• Task goal: Once the pictures have been removed, repeat the remainder of the records exactly.

BEGIN Dataset records

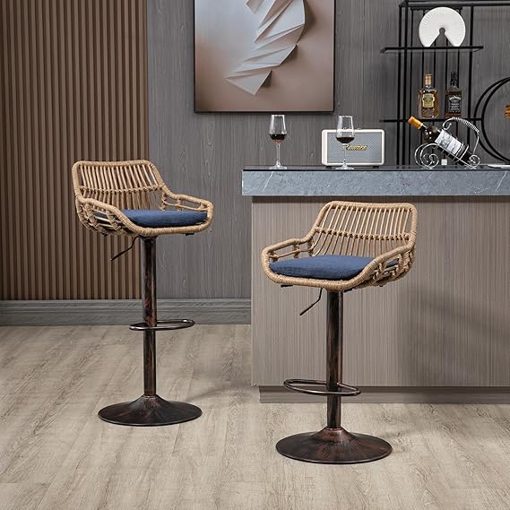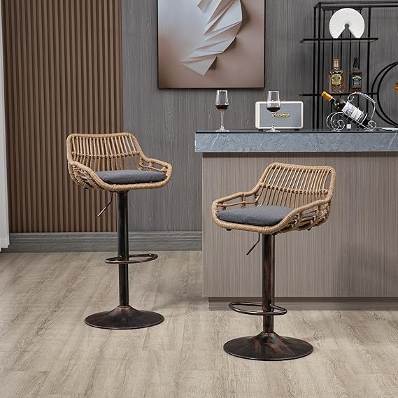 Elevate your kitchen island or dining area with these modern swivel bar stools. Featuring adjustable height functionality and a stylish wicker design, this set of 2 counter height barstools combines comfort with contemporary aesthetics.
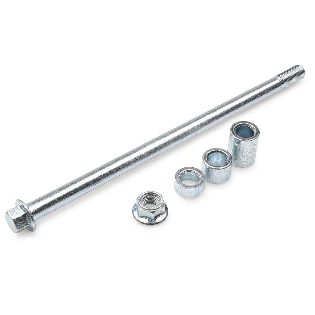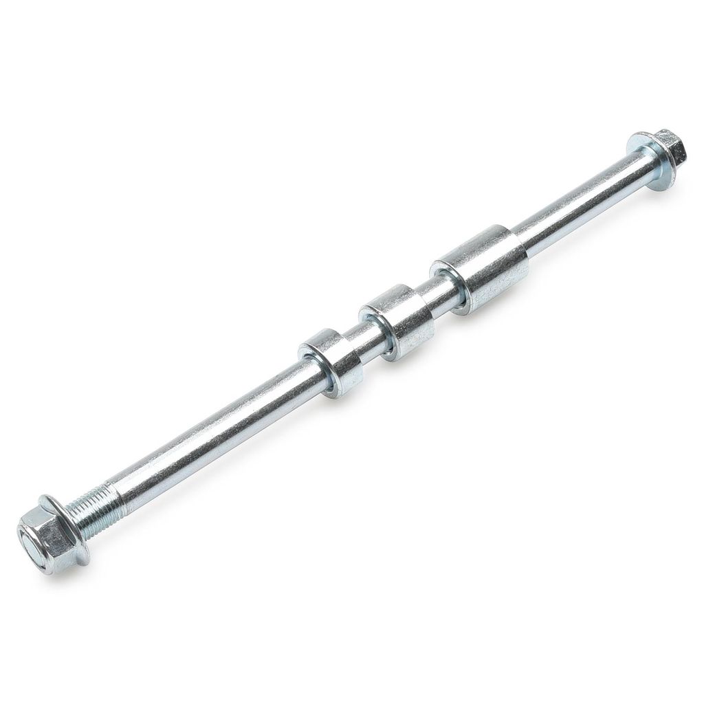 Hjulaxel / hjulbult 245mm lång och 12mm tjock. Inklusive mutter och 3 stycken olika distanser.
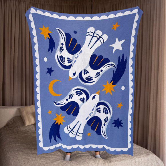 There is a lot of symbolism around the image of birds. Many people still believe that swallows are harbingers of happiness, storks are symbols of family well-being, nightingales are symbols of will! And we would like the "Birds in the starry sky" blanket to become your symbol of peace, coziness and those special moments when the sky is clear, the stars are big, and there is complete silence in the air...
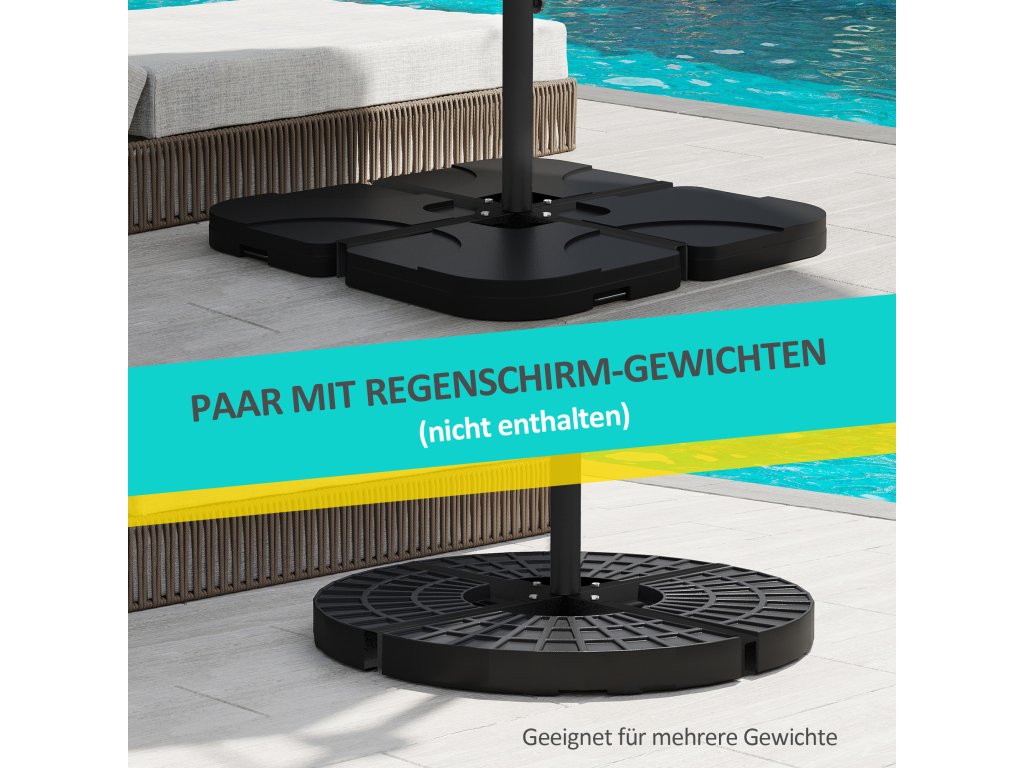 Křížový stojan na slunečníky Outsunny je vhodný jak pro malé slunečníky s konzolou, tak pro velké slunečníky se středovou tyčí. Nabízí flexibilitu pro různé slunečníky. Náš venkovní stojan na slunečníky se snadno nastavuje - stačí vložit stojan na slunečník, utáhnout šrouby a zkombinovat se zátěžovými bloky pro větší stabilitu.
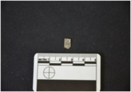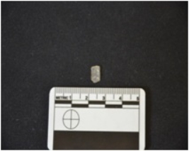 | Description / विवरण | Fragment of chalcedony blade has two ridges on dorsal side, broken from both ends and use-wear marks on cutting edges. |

END Dataset records

• Answer for this exercise:
 Elevate your kitchen island or dining area with these modern swivel bar stools. Featuring adjustable height functionality and a stylish wicker design, this set of 2 counter height barstools combines comfort with contemporary aesthetics.
 Hjulaxel / hjulbult 245mm lång och 12mm tjock. Inklusive mutter och 3 stycken olika distanser.
 There is a lot of symbolism around the image of birds. Many people still believe that swallows are harbingers of happiness, storks are symbols of family well-being, nightingales are symbols of will! And we would like the "Birds in the starry sky" blanket to become your symbol of peace, coziness and those special moments when the sky is clear, the stars are big, and there is complete silence in the air...
 Křížový stojan na slunečníky Outsunny je vhodný jak pro malé slunečníky s konzolou, tak pro velké slunečníky se středovou tyčí. Nabízí flexibilitu pro různé slunečníky. Náš venkovní stojan na slunečníky se snadno nastavuje - stačí vložit stojan na slunečník, utáhnout šrouby a zkombinovat se zátěžovými bloky pro větší stabilitu.
 | Description / विवरण | Fragment of chalcedony blade has two ridges on dorsal side, broken from both ends and use-wear marks on cutting edges. |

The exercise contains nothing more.